Publish to PyPI
We've had a little think about how this could be done, have you thought any more about it? Here's a couple of ideas...
If we break the project into two components (which it already is; libhadoofus and hadoofus) this becomes much easier. The former is required to be installed on the system prior to attempting to install the python library via pip. This is the same approach re2 takes. In my opinion I don't think it's too much to ask... it should be just as simple as git clone ... && cd src && make install.
Side note: Have you considered renaming src to something less generic? Perhaps libhadoofus?
Since there's no package uploaded to pypi yet, it's required that you use pip v1.5+ to allow the use of the git+git://...#subdirectory=wrappers/py notation. Prior to this version, pip expects that you have a setup.py file at the root of the repository, which isn't the case here. I don't think it should be, either.
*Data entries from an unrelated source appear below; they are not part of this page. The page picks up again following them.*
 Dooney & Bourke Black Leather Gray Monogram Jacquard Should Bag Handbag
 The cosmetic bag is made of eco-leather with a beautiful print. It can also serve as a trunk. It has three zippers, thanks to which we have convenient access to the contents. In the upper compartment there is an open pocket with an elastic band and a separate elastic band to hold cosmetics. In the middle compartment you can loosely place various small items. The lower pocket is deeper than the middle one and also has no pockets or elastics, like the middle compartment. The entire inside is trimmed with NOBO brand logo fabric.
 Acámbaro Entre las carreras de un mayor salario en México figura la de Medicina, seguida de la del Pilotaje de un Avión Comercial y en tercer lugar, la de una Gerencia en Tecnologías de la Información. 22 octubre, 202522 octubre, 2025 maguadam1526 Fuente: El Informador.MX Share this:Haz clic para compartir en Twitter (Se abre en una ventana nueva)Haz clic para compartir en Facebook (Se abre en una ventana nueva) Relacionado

Installing into a virtualenv
The shell script below assumes you already have libhadoofus installed into your library path. In theory, this should work for you. However I've only tested it on OSX 10.9.1 so there might be no need to pass CFLAGS/CPPFLAGS, just a proof of concept.
$ virtualenv env
$ source env/bin/activate
$ pip install --upgrade pip # Ensure we get the latest pip
$ CFLAGS="-Qunused-arguments" CPPFLAGS="-Qunused-arguments" pip install cython
$ CFLAGS='-fno-strict-aliasing' pip install -e "git+git://github.com/duedil-ltd/hadoofus.git@d7ae3454a27f2c4ba3ecc6494d14f5a9f3c73b4b#egg=hadoofus&subdirectory=wrappers/py"
I'm using our fork in the example since it has the patch https://github.com/duedil-ltd/hadoofus/commit/d7ae3454a27f2c4ba3ecc6494d14f5a9f3c73b4b applied, plus the fixes to compile on OSX Mavericks. This patch makes sure pip locates the .pyx source files correctly, if this isn't done it looks for the file in the root of the cloned repository (presumably the working directory of python) and throws an error because it doesn't exist.
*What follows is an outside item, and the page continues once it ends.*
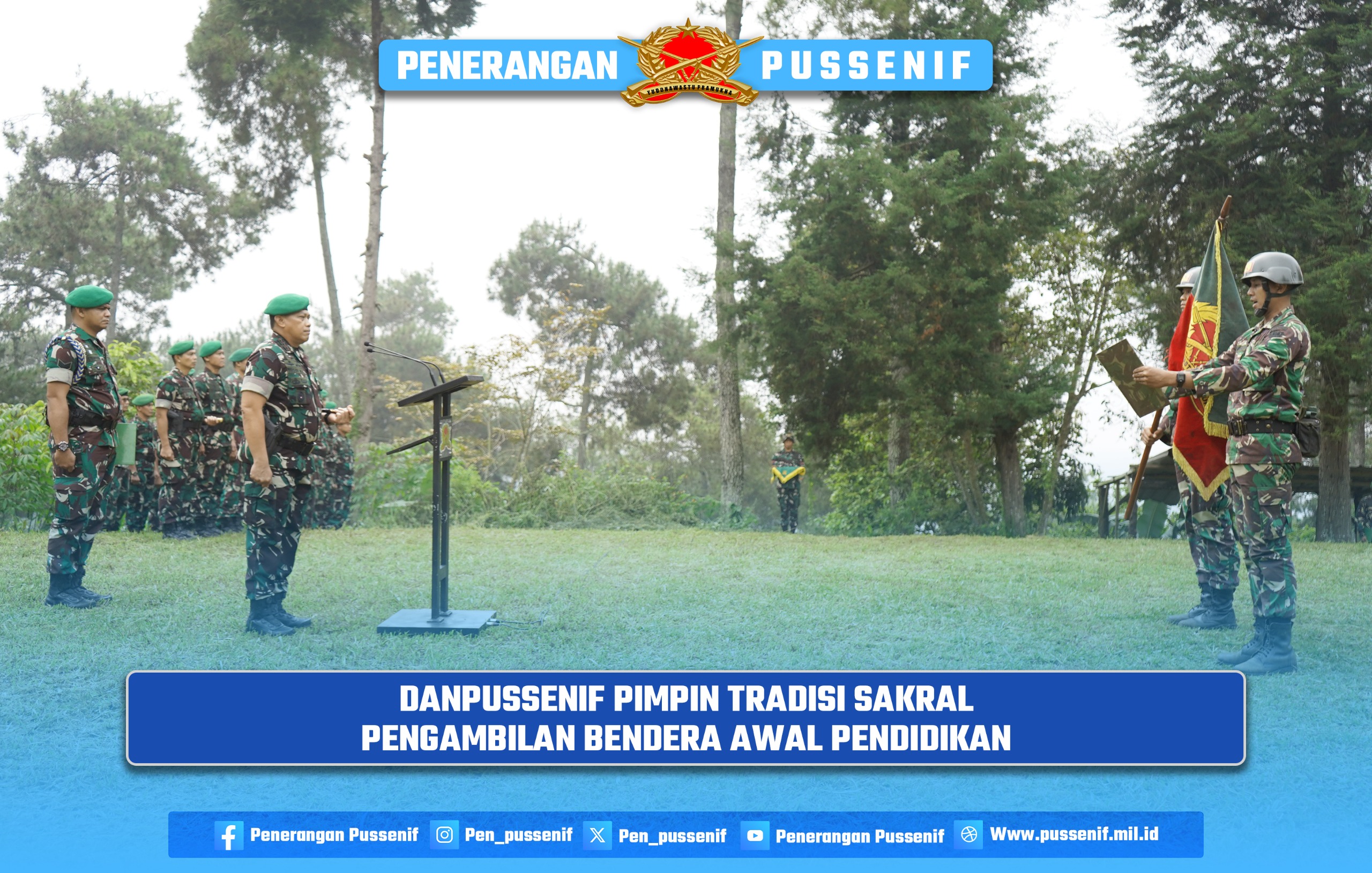 Pussenif menggelar upacara bendera sebagai salah satu program rutinitas yang dilaksanakan setiap bulan, kegiatan ini berlangsung dilapangan Wirottama Pussenif, Bandung (24/06/2024).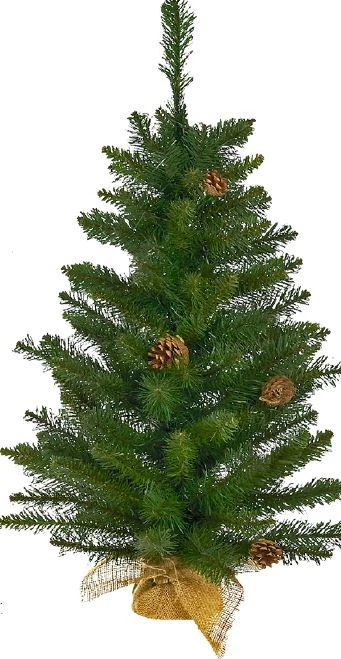 Χριστουγεννιάτικο δέντρο 60 εκατοστών με κουκουνάρια και βάση με λινάτσα.

Ping @icio – Since we were discussing this earlier, any thoughts or corrections?
I'm afraid I haven't put very much thought or effort into this issue. I'm really happy you've taken a stab at it.
It sounds fine to me to require the C library (and headers) installed or available before the Python library is installed. Can we detect this from setup.py in any reasonable way? If we split the package, may I suggest "Pydoofus" for the Python wrapper name? :-) I'm not set on that name, but I would like the Python wrappers to have 'py', or 'python-' in the name somewhere.
Is there a reason to rename src to something less generic? The file layout and build system could use some work — I'm a little embarrassed by the cobbled-together Makefile system — but I can't think of a reason to rename that directory (instead of, say, removing it and include and moving the sources up a level).
I only have pip 1.4.1, and Fedora is usually fairly up-to-date. Can we add a setup.py to the root of the repository that indirects to the wrappers directory to avoid the hard dependency on 1.5? I'm afraid I'm still pretty unfamiliar with Python packaging. And just to clarify, is 1.5 only required at packaging time for PyPI? Or is it also required by end-users?
Thanks! Conrad
I've used a few python modules that compile C extensions in them and they usually don't require individual steps by the developer, which is what I think should be aimed for here. Supporting make [install] would still be very nice -- especially if there's going to be a C lib built alongside the python wrapper.
The Cython documentation covers distributing Cython modules and it suggests that you distribute the C code such that you don't require Cython to compile the python module. That should make setup a little more straight-forward. Otherwise, setuptools supports an setup_requires directive which might run before building extensions (I've never tried) and offer a way to ensure Cython is installed prior to building.
For repository organisation: swings and roundabouts. I'd be tempted to go for something like /src/{python/hadoofus,c/{hdfs,hadoofus}}/ and then reference everything from top-level Makefile and setup.py files -- the former for installing the C extensions and libraries, the latter for installing the python module (including compiling the hadoofus extension, if necessary). I've had a dig around Github search for some neat examples of projects compiling Cython modules and not come up with anything great.
(Updated: new setup.py merged in #14 tackles some of these ideas)
Hm. If we actually cut tarballs, it might be reasonable to embed pre-Cythonified hadoofus.c. But I'm opposed to checking in generated code. The broad shape of everything you've said sounds good.
What's the issue you've had with the dynamic library or linking?